Тимоня давно убежал по своим делам, а Порохов всё стоял, задумавшись, у деревянного щита.
Двор его диковатой дачи был пуст, зарос за маленьким неказистым домиком сорняком и коноплёй, лишь посохшие деревья с ветками, словно металлические проволоки; захламлённый запчастями машин и мотоциклов гараж без ворот ещё напоминал о редких визитах хозяина. И всё грустило в запустении. Дворняга без имени, застрявшая было перезимовать по случаю, вытерпела лишь до весны и с первым теплом пропала. Даже кошки – и те не отваживались останавливаться на длительное жительство. Вдовец никого не прельщал.
После смерти жены Порохов и сам особенно не задумывался о серьёзных отношениях с женщинами. Двое малолетних детей воспитывались у тёщи. Он периодически навещал их в свободные дни, на большее не хватало. Если особенно разбирало, заглядывал к давним подружкам, где всегда находилась какая-нибудь шалунья. И этим обходился. Свою Светку забыть ему никак не удавалось. А он и не пытался…
Стемнело на земле. И луна уже плутала в чернеющих облаках на небе, когда Порохов вышел из дачного домика на порог, потянулся в дверях, постоял и поднял голову. Повыскакивали любопытные звёзды, таращась вниз, и тишина стояла такая, что ёкало сердце.
«Что это я, как девица на выданье? – повёл плечами Порохов. – Вроде на свадьбу собрался, а не замуж!»
Он хмыкнул, решительно захлопнул за собой дверь и направился к дожидавшемуся его мотоциклу. Руль «ковровца» поблёскивал в лунном свете. Пробирала внутренняя дрожь. «А нервишки-то не отжили ещё, – подхлестнул он себя. – Живое, значит, в тебе ещё что-то колышется.
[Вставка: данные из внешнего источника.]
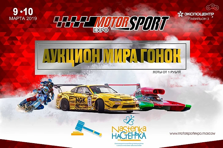 На сцене выставки пройдет аукцион гоночных лотов от ведущих команд и лучших спортсменов России.

Ну будь, что будет!»
И он, вскочив на мотоцикл, ударил по стартёру и рванул ручку газа до упора. «Ковровец» взревел, не ожидая дикого обращения, взвился возмущённо с места на заднее колесо, и так, на одном этом колесе, неистовый наездник промчался всю тропинку между домами в дачном посёлке и огородами, пока не вылетел на пустынное городское шоссе. В пять-шесть минут Порохов подкатил к жилому кварталу, выбрал нужный дом и, подрулив к подъезду, посигналил. Ждать ему долго не пришлось. Из окна второго этажа высунулась взлохмаченная голова, и знакомый голос окликнул:
– Порох?
– Спустись, – позвал Порохов. – Дело есть.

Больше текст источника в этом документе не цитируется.